*** Information provided ***
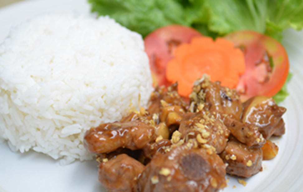Stir-fried pork or pork spare rib with garlic and pepper sauce served with steamed or brown rice.
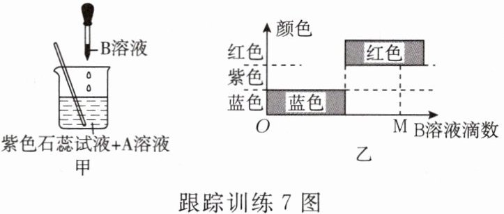 跟踪训练 7 兴趣小组研究酸碱反应时利用稀硫酸、氢氧化钠溶液、紫色石蕊试液进行实验,实验操作和溶液颜色变化如图所示。
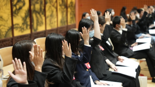 在第二次全体会议上,经候选人情况介绍、陈述答辩、学生代表投票,大会差额选举产生新一届新利18官方客服学生常任代表委员会委员和学生会主席团成员。
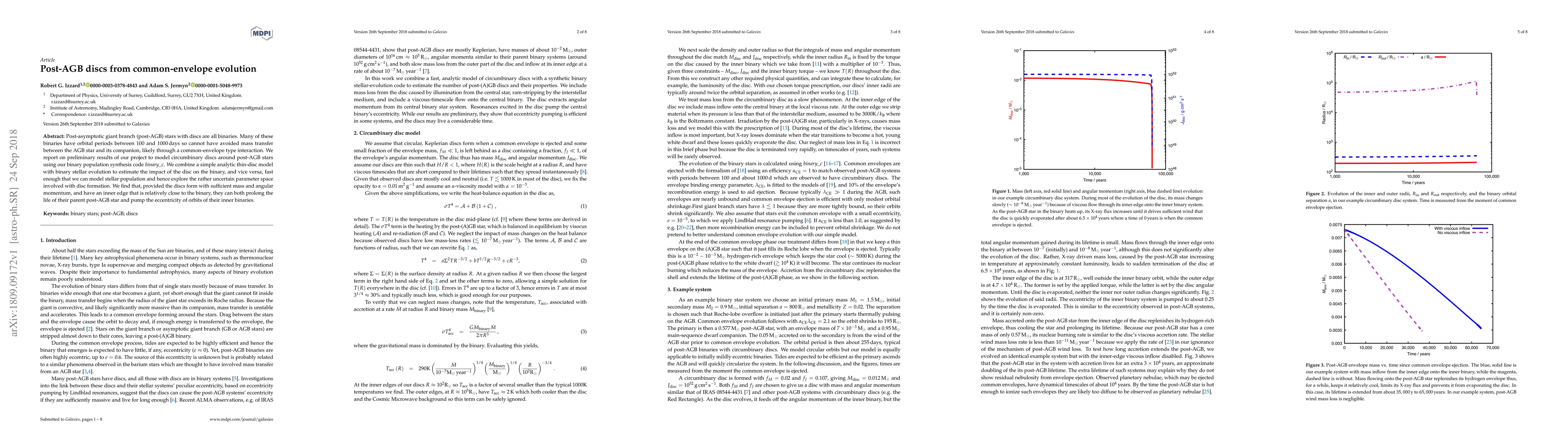 Post-asymptotic giant branch (post-AGB) stars with discs are all binaries. Many of these binaries have orbital periods between 100 and 1000 days so cannot have avoided mass transfer between the AGB star and its companion, likely through a common-envelope type interaction. We report on preliminary results of our project to model circumbinary discs around post-AGB stars using our binary population synthesis code binary_c. We combine a simple analytic thin-disc model with binary stellar evolution to estimate the impact of the disc on the binary, and vice versa, fast enough that we can model stellar populations and hence explore the rather uncertain parameter space involved with disc formation. We find that, provided the discs form with sufficient mass and angular momentum, and have an inner edge that is relatively close to the binary, they can both prolong the life of their parent post-AGB star and pump the eccentricity of orbits of their inner binaries.
*** End of Information provided ***
--- Task item ---
Everything from the first line of the listing above through the line that contains "在第二次全体会议上,经候选人" is to be restated word for word, minus the pictures.

--- Answer box ---
Stir-fried pork or pork spare rib with garlic and pepper sauce served with steamed or brown rice.
 跟踪训练 7 兴趣小组研究酸碱反应时利用稀硫酸、氢氧化钠溶液、紫色石蕊试液进行实验,实验操作和溶液颜色变化如图所示。
 在第二次全体会议上,经候选人情况介绍、陈述答辩、学生代表投票,大会差额选举产生新一届新利18官方客服学生常任代表委员会委员和学生会主席团成员。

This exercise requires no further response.